# River Lure Advice



## Paddle (Mar 26, 2016)

Hey All,

I've done some fishing here in SE MI but am really still getting started and learning all the basics. I really like to go fishing while I am canoeing on the rivers. I am primarily fishing for bass when I am out and have had good luck on in-line spinners and of course the little yellow jigs. 

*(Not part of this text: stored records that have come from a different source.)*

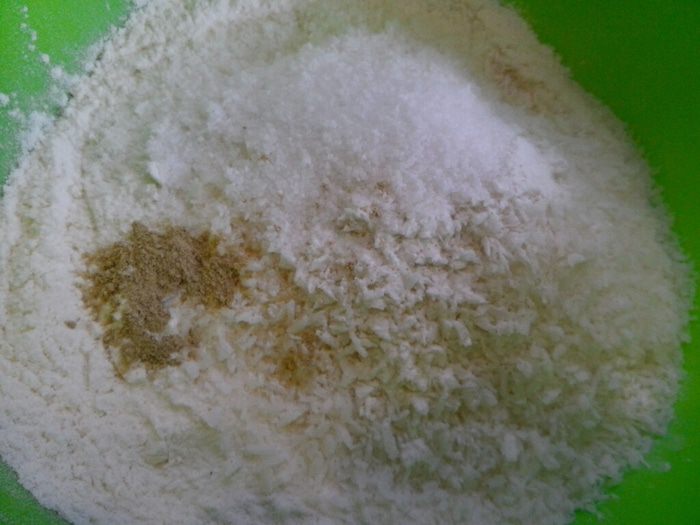 Отдельно смешать муку, ванильный сахар, разрыхлитель, имбирь и 50 грамм кокосовой стружки.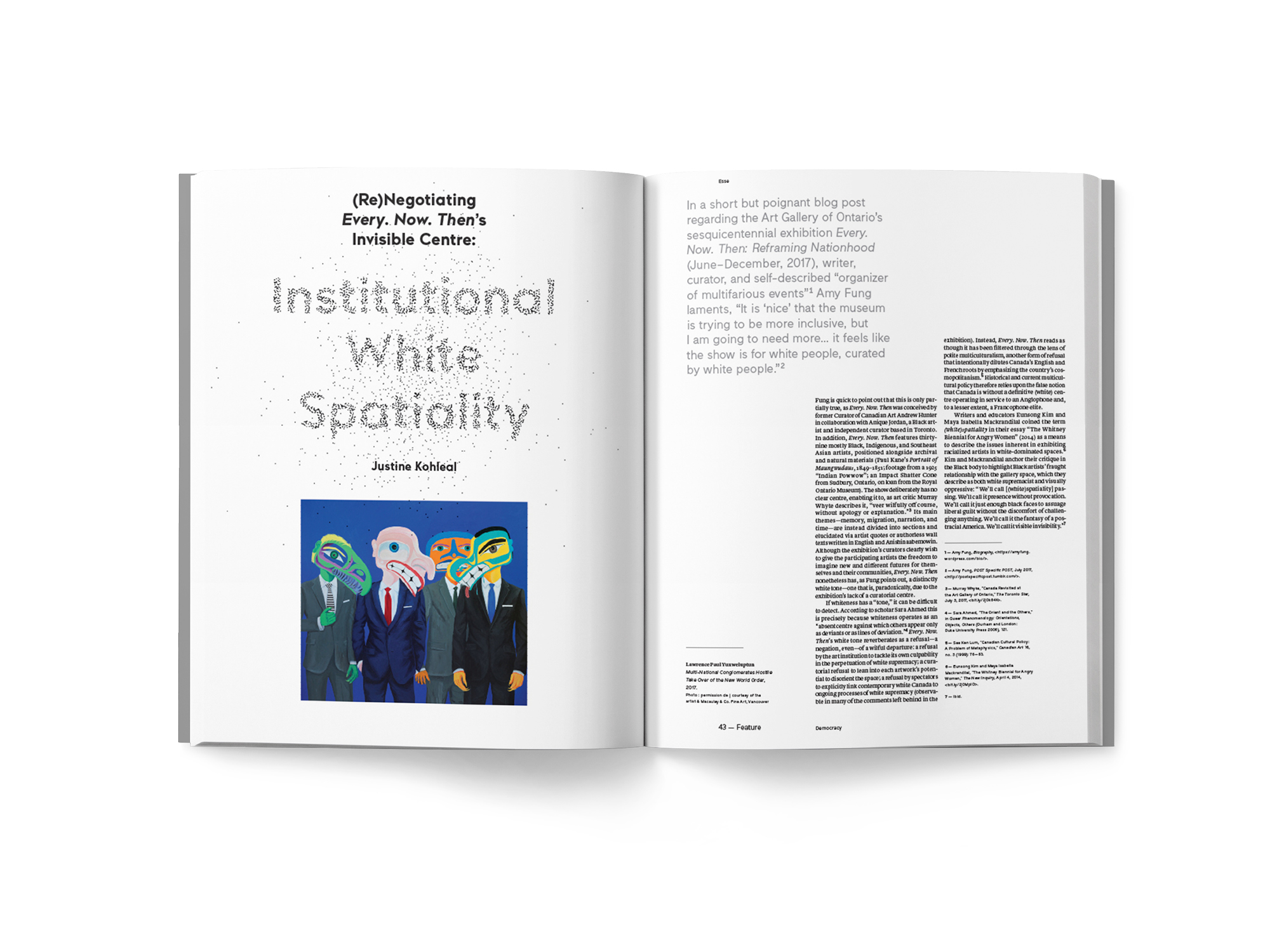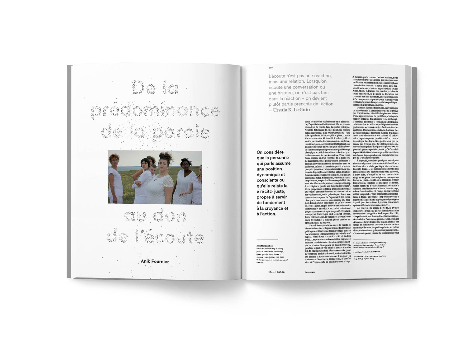 This issue proposes a critical reflection on the concept of democracy in order to explore its inherent contradictions and its real lived fallout, as well as the role that art can play within it. By bringing together multiple, open, and possibly divergent positions, the feature section addresses the urgent need to better understand art’s role in the current political context in order to potentially foster a desire to participate in a new democracy.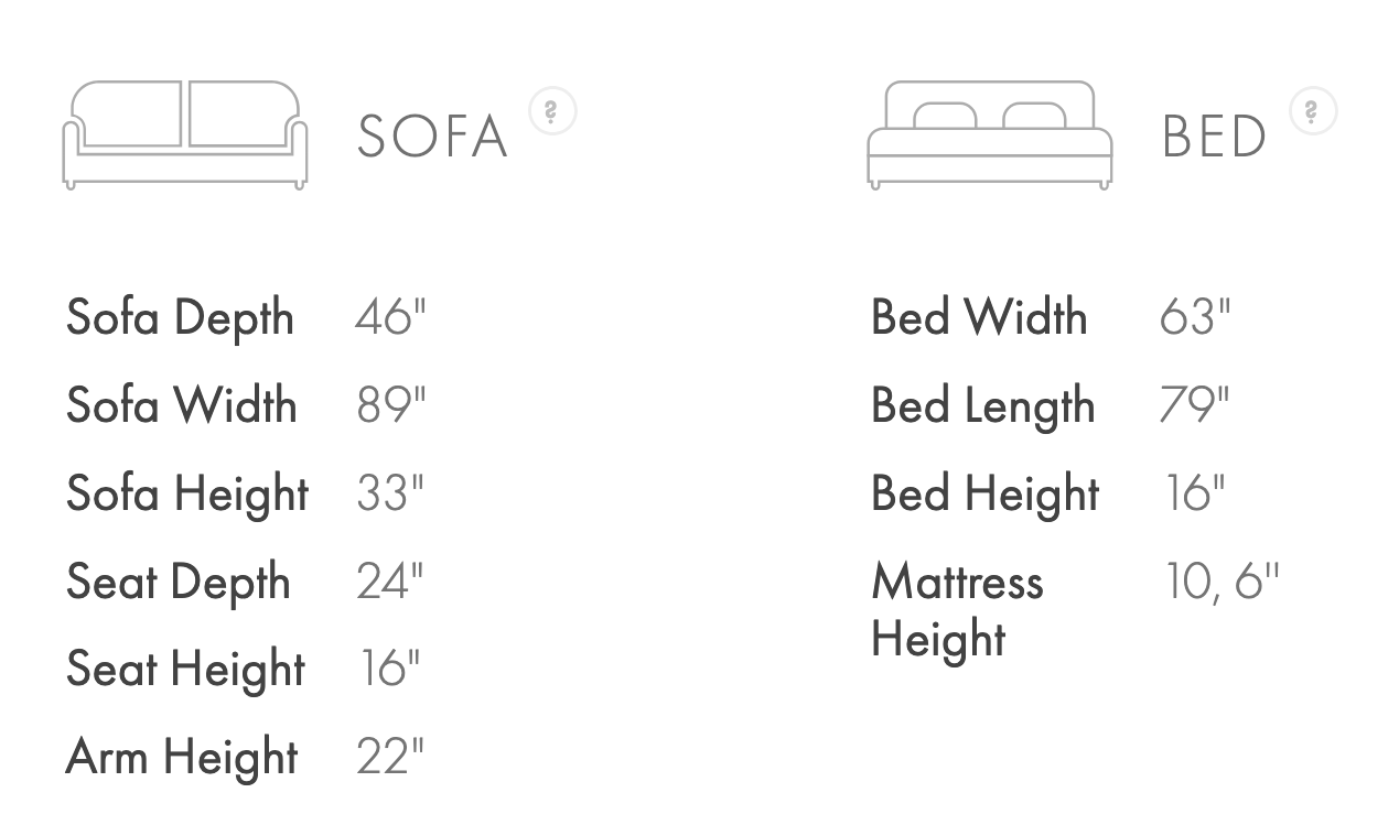 | Sofa dimensions (W x D x H) | 89 x 46 x 33 in (226 x 117 x 84 cm) |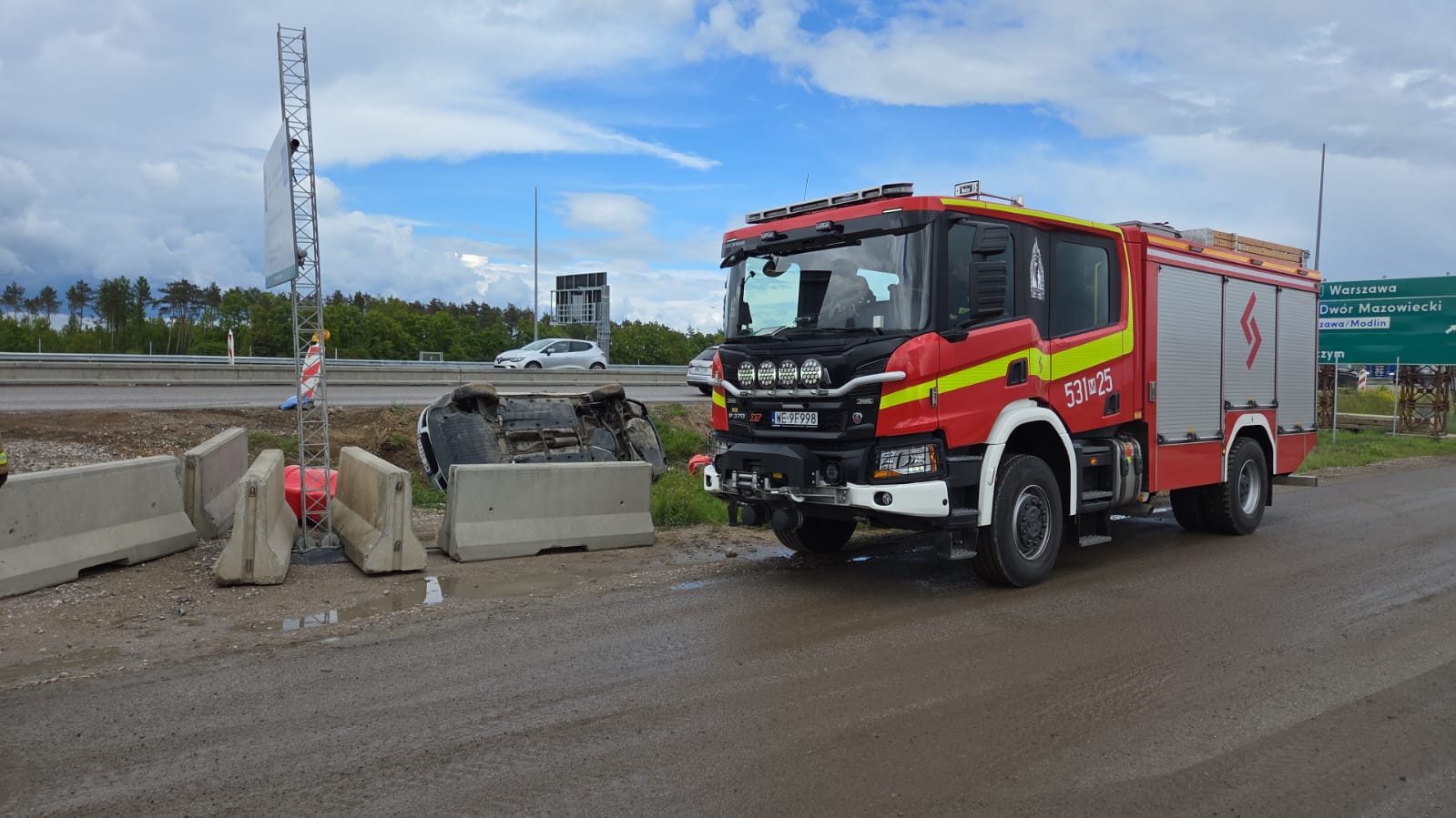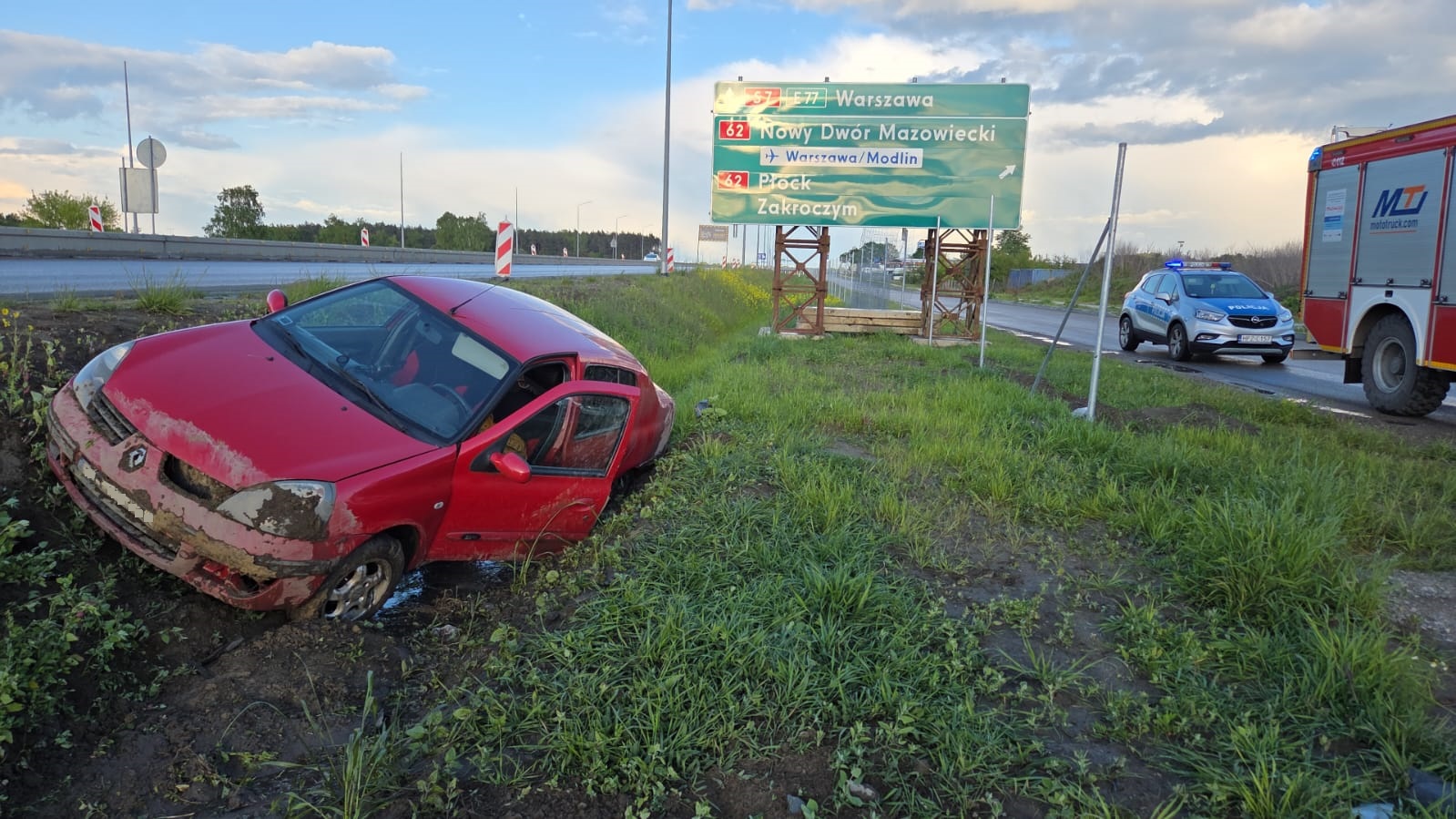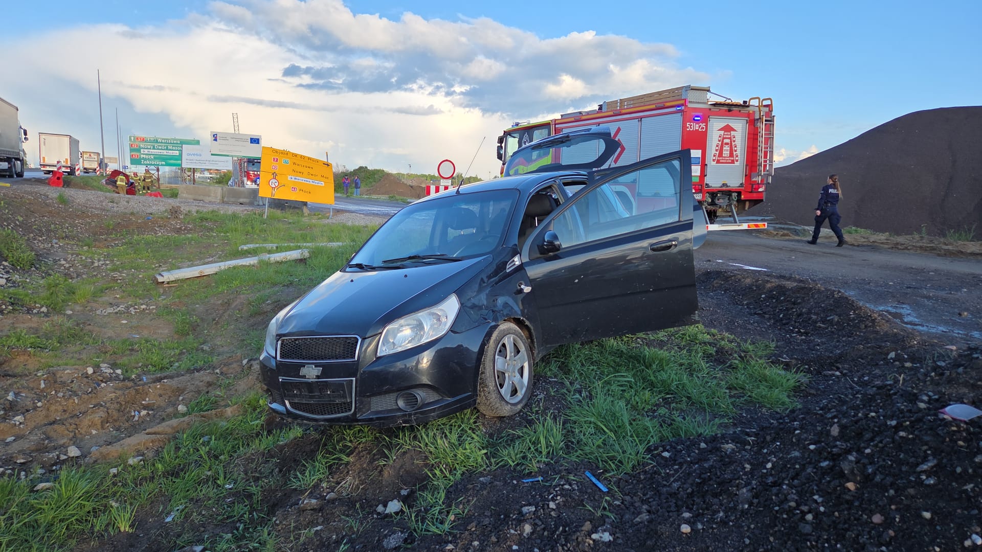 Wkrótce po zakończeniu działań przy pierwszym zdarzeniu, służby otrzymały kolejne zgłoszenie – tym razem dotyczące pojedynczego pojazdu, który również uległ kolizji na tej samej trasie. Na miejscu ponownie interweniowali strażacy z JRG NDM i OSP Zakroczym, a tym razem dodatkowo wezwano Zespół Ratownictwa Medycznego, choć – na szczęście – nie było potrzeby hospitalizacji uczestników.
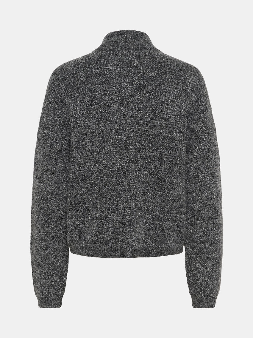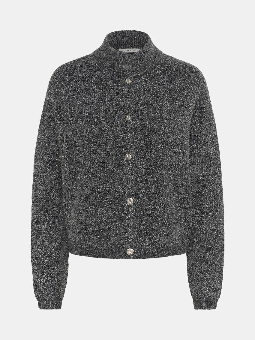Grå strikket cardigan med glimmertråde. Designet med høj hals og gennemgående knaplukning fra Gestuz.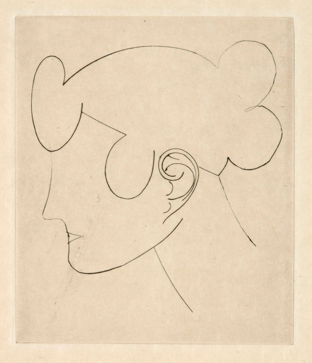 DescriptionLeft side of female head without eye and with helmet-like coiffure.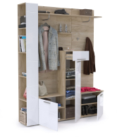 Данная комплектация представлена набором модулей коллекции Лайн, и состоит из стеллажа, тумбы, открытой вешалки и мини-прихожей. Глубина модулей всего 35 см., что позволяет использовать мебель в весьма узких помещениях. Стеллаж Лайн 10.141 располагает четырьмя открытыми полочками, на которых достаточно места для необходимых под рукой мелочей и предметов декора. Модель имеет универсальную сборку, используется как торцевой элемент мебельной композиции и может быть расположен с любой стороны. Открытая вешалка Лайн 15.03 позволяет одежде лучше проветриться, быстрее просохнуть и сохранить форму. Вешалка выполнена в виде настенной панели, имеет антресольную полочку для головных уборов, закреплённую на металлическом полкодержателе. Форма полкодержателя выполнена так, что может использоваться в качестве штанги для развешивания одежды на плечиках. На лицевой панели предусмотрена пара крючков для размещения сумочек или зонтиков. За распашной дверки тумбы Лайн 13.234 расположена одна полочка. Размеры позволяют хранить до 4-х пар невысокой обуви. Удобная высота тумбы, 50 см., позволяет использовать её в качестве подставки для сумок или банкетки для переобувания. Мини-прихожая Лайн 10.16 представляет собой панель, комбинирующую открытую вешалку и две распашные тумбы с внутренними полками. Вешалка имеет антресольную полочку для головных уборов, которая закреплена на металлическом полкодержателе, что может использоваться в качестве штанги для развешивания одежды на плечиках. На лицевой панели предусмотрена пара крючков для размещения сумочек или зонтиков и полочка для мелочей. Высокая тумба с ящиком и двумя полками расположена с правой стороны прихожей, низкая с полкой - с левой. Универсальной сборки нет. Все элементы мебели могут быть расположены в любом порядке друг относительно друга, составляя гармоничный комплект для обустройства прихожей. Выполнена мебель в сочетании светлого цвета натурального дуба корпуса из ламинированной ДСП 16 мм, и глянцевых искристо белых МДФ фасадов. Линейная фрезеровка фасадов и периферическая фрезеровка по типу фацета украшают мебель и определяют название коллекции. Фасады закреплены на четырёхшарнирных петлях, выдвижные ящики мебели закреплены на шариковых направляющих полного выдвижения. Установлена на пластиковые опоры высотой 20 мм. Поставляется в разобранном виде, надёжно упакованными, с комплектом фурнитуры и инструкцией по сборке.

Are there are other lures that are good for Smallmouth on the rivers? What do you use? I've heard some people talk about shallow crankbaits but that just seems like a recipe for losing lures. 

Thanks!


----------



## john decker (Jan 21, 2010)

try some tube jigs.they look like a little squid.they come in a bag,some salted,some not.many brands avail.i prefer the ones made by yum,dark green in color and about 3 in long.you will also want to get some jig heads for these.they are kind of a bullet shaped head that slides up inside the tube.I buy 1/8 and 1/4 oz. once hook is up inside jig you can poke the jig eye through the plastic and tie it on.cast these tight to cover and twitch/jig them back.in the faster runs ive caught fish just dead drifting them.they don't have to be on bottom to catch fish and they are somewhat snag resisent.best time of year for these seems to be from june through sept. but they will catch fish later,earlier.I think the bass mistake them for crawfish,one of their favorite meals.most hits are strong and they will hang on to it.good luck out there.


----------



## MIhunt (Dec 18, 2011)

You can never go wrong with a senko or similar style bait. 

You can use pretty much any lure you'd normally use on a lake as well. Don't be afraid to pick up random lures and give it a shot, you never know what might work. 

Also don't be afraid of losing baits, that's just part of fishing and the more you fish the more baits you'll lose.


----------



## brownitsdown84 (Jan 19, 2009)

I fish rivers here in SE MI almost exclusively. Jerkbaits are my go to. Senkos wackey rigged also a favorite. Also salt and pepper tubes work well. Square bill crank baits, but jerkbaits are my go to.







Don't forget chatterbaits as well


----------



## Buckbaker (Aug 3, 2015)

Floating rapalas are great. I like size 7, gold and black best. Also try a tiny torpedo or other surface lure. Topwater strikes are a blast.
But if I'm moving along like in a canoe, the spinners or jigs are more versatile. You can use them in shallow runs or deep holes.


----------



## msfcarp (Jun 6, 2006)

I almost primarily river fish smallies in the summer, and cranks are my go to. They love tubes, but they fish too slow for me during the summer. My favs are #5 shad rap deep diver crawfish, and the smallest big O (1/3 oz?) also in crawfish. The fish in my pic was taken with a skitter pop, which can be good also.


----------



## droptine989 (Oct 14, 2012)

Rebel craw if your on the move. We've pulled some fatties out of log jams working a big jointed husky jerk as slow as possible.


----------



## Tryin2 (Oct 4, 2012)

2X on the rebel craw have landed a ton of fish with them . Also one of my favorite river lures that has not been mentioned is a spinnerbait I have caught everything from bass n crappie to steelhead and catfish with spinnerbaits. I usually add some type of plastic on the hook like a Mr twister or a fin-s minnow . If I had to pick one lure to bring to the river with me it would be a spinerbait for sure .


----------



## bowhunter426 (Oct 20, 2010)

These are my go too square bill baits when river fishing for smallies. Cheap enough to loose and readily available at almost all sporting good stores.


http://www.strikeking.com/index.php?option=com_content&view=article&id=181&Itemid=930


----------



## ESOX (Nov 20, 2000)

River smallies love small buzz baits. One thing I never leave for the river without are Strike King Rocket Shad, Compact and heavy, they easily get into the deepest holes and under log jams.
But my #1 lure is home made inline spinners. Inexpensive, versatile, and here is a satisfaction in catching fish on a lure you made yourself. Besides, they just plain work, it it swims, they will eat one.
http://www.sportsmanswarehouse.com/...Detail/Spinner-Baits/prod9999008287/cat101105


----------



## Paddle (Mar 26, 2016)

Thanks for all the responses folks. Seems like just about anything will work out there.... Looking forward to wetting some lines with my new found info!


----------



## jstfish48162 (Mar 8, 2003)

My favorite river lures are as follows....no particular order.
1) Rebel Pop-R
2)Zoom Super Fluke Jr.
3)Strike King Mini-Buzz buzzbait
4)Bass Pro Shops 3" Stik-O wacky rigged
Always have these when fishing river smallies. I primarily fish the River Raisin if I'm not on Erie.


----------